SENATE BILL REPORT

                   SB 6427

              As Reported By Senate Committee On:

   Energy, Telecommunications & Utilities, February 1, 1996

 

Title:  An act relating to the restoration and redevelopment of an unfinished nuclear energy facility.

 

Brief Description:  Using an unfinished nuclear energy facility.

 

Sponsors:  Senators Snyder, Hargrove, Sutherland, Owen, Loveland and Newhouse.

 

Brief History:

Committee Activity:  Energy, Telecommunications & Utilities:  1/23/96, 2/1/96 [DPS].

 

SENATE COMMITTEE ON ENERGY, TELECOMMUNICATIONS & UTILITIES

 

Majority Report:  That Substitute Senate Bill No. 6427 be substituted therefor, and the substitute bill do pass.
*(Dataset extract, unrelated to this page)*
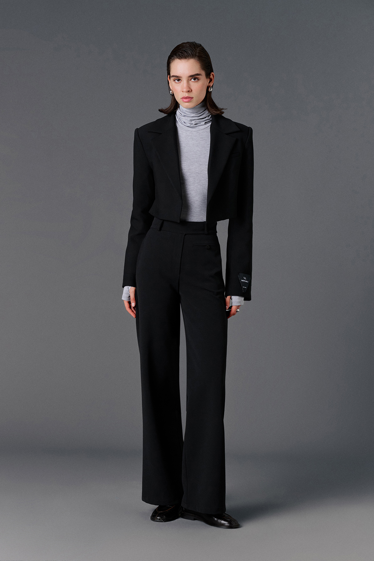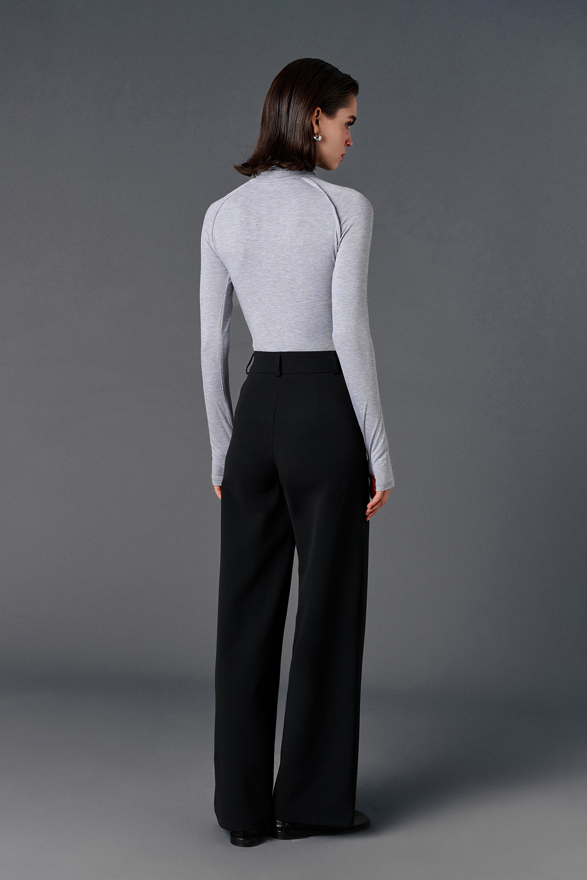 Yüksek bel, önden düğme ve fermuar kapamalı, yanlardan çift cepli, sol önünde aksesuar cep detaylı, casual kumaş pantolon.

  Signed by Senators Sutherland, Chair; Loveland, Vice Chair; Finkbeiner, Hochstatter and Owen.

 

Staff:  Phil Moeller (786-7445)

 

Background:  The Energy Facility Site Evaluation Council (EFSEC) is the entity in state government with the responsibility of siting electricity-generating plants that generate over 250 megawatts.  EFSEC is a one-stop permitting and certificating agency that includes representatives of several state agencies and representatives of a local government in which a proposed site is located.  EFSEC has powers to pre-empt the permit authority of other state and local agencies.  In some cases, such as nuclear plants, EFSEC has an ongoing role to assure that the plant operator meets permit or certificate requirements.

 

In the decade of the 1970s, EFSEC approved several proposed nuclear reactor projects.  Two of these were located at Satsop in Grays Harbor County, WNP-3 and WNP-5.  These projects are owned by the Washington Public Power Supply System, and neither of these reactors were ever finished.

 

Summary of Substitute Bill:  The bill applies only to unfinished nuclear power projects that are not located on federal land.  The certificate holder of such a project may contract, establish interlocal agreements, or use other formal means to transfer site restoration responsibilities, which may include economic development activities, to a political subdivision or combination of political subdivisions as long as these subdivisions have elected officials.  These agreements may include transferring interest in the site or portions of the site, but must include transfers of any site responsibilities, specifically responsibilities pertaining to public health and safety.  If a transfer of site water rights is not accomplished through rules, within six months of a transfer of the site or a portion of the site, the Department of Ecology is directed to create a trust water of between ten and twenty cubic feet per second existing valid water rights in the same basin.  The trust water right must be used for site restoration activities, which may include economic development activities.

 

Actions of the Energy Facility Site Evaluation Council pursuant to the transfer of the site or portions of the site are exempt from the State Environmental Policy Act.

 

Substitute Bill Compared to Original Bill:  The original bill expanded the duties of EFSEC to include requiring certificate holders for unfinished nuclear power sites to cooperate with counties and port districts for public purposes, including the issuance of duplicative permits for adaption and reuse.  The certificate holder was directed to assure that a local cooperative arrangement was established.  Required elements of the local cooperative arrangement were specified, and upon establishment, the site certification agreement would be suspended to allow county regulation, with existing permits remaining in effect.  EFSEC was directed to issue duplicative permits if requested and to issue a water right that would be no larger than the original right, not affect senior water rights, and that would bear the same priority date as the original water right.

 

An emergency clause is added.

 

Appropriation:  None.

 

Fiscal Note:  Not requested.

 

Effective Date:  The bill contains an emergency clause and takes effect immediately.

 

Testimony For:  This bill will allow for the potential of economic development at a site with unused infrastructure.  This may prevent the expenditure of millions of dollars slated to be spent on tearing down unused facilities that are being demolished only because they were originally intended to be part of a nuclear facility.  Because the facility was never finished, it has never been an actual nuclear facility and is similar to most large-scale industrial facilities and should be saved.

 

Testimony Against:  None.

 

Testified:  PRO:  Mike Daniels, Grays Harbor Co.; M.W. McWhorter, commissioner, Port of Grays Harbor; Tom Casey, commissioner, PUD #1 of Grays Harbor; Dan Sexton, WA State Assn. of Plumbers and Pipefitters; Jim Rowland, WPPSS; Charles Butros, WPPSS; Jason Zeller, EFSEC.